> **Data shown**

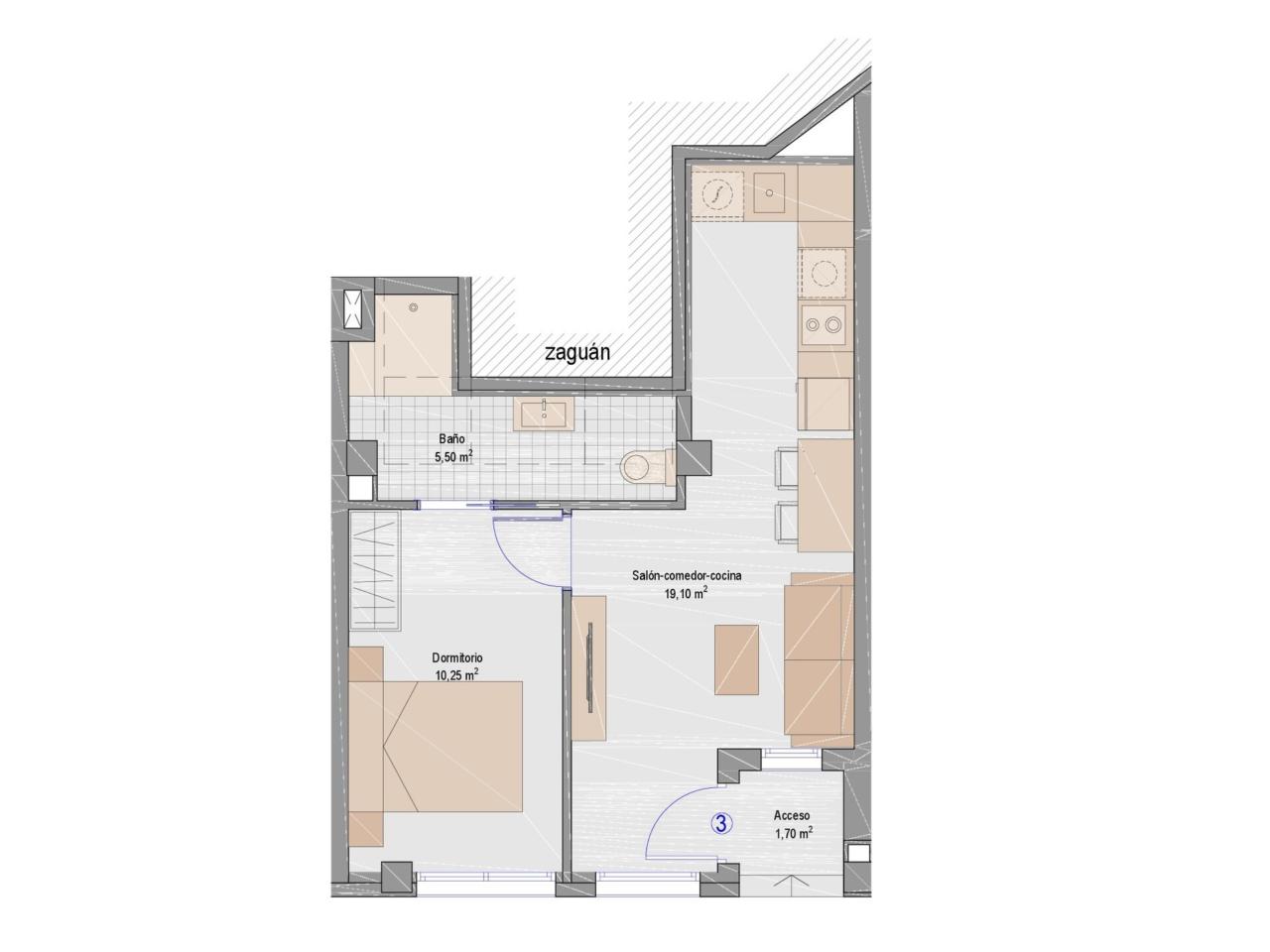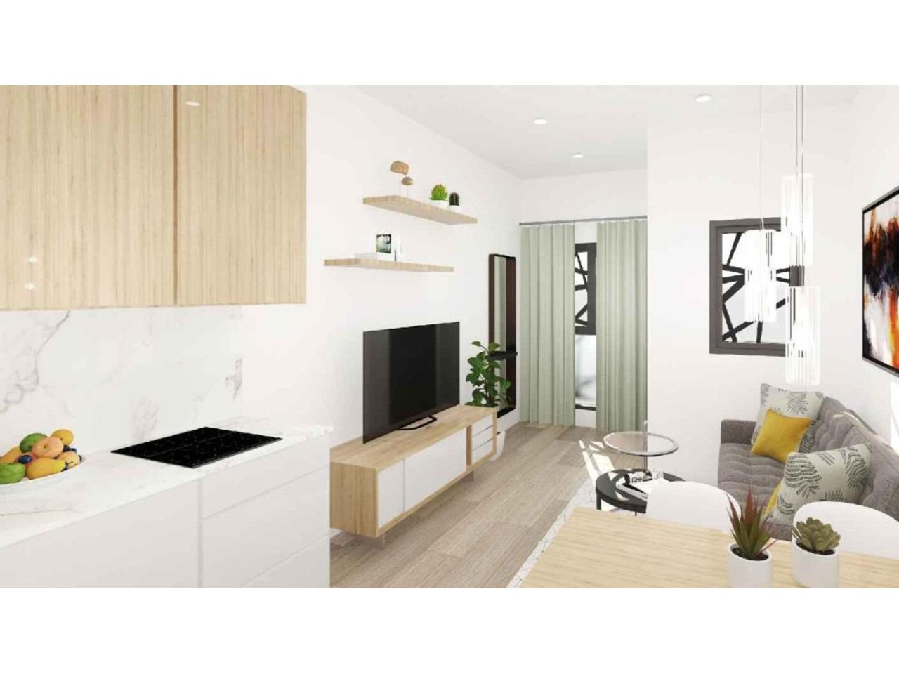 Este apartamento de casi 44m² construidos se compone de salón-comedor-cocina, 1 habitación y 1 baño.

==

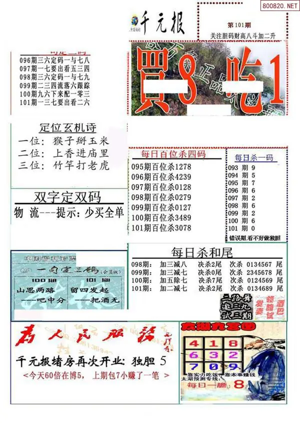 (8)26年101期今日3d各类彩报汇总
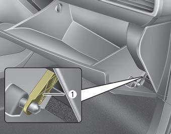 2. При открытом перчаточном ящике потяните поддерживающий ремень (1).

> **About this exercise**
From the records above, give again only the part that opens with the line containing "(8)26年101期今日3d各类彩报汇总" and closes with the line containing "2. При открытом". Keep both ends but drop the pictures.

> **Exercise response**
 (8)26年101期今日3d各类彩报汇总
 2. При открытом перчаточном ящике потяните поддерживающий ремень (1).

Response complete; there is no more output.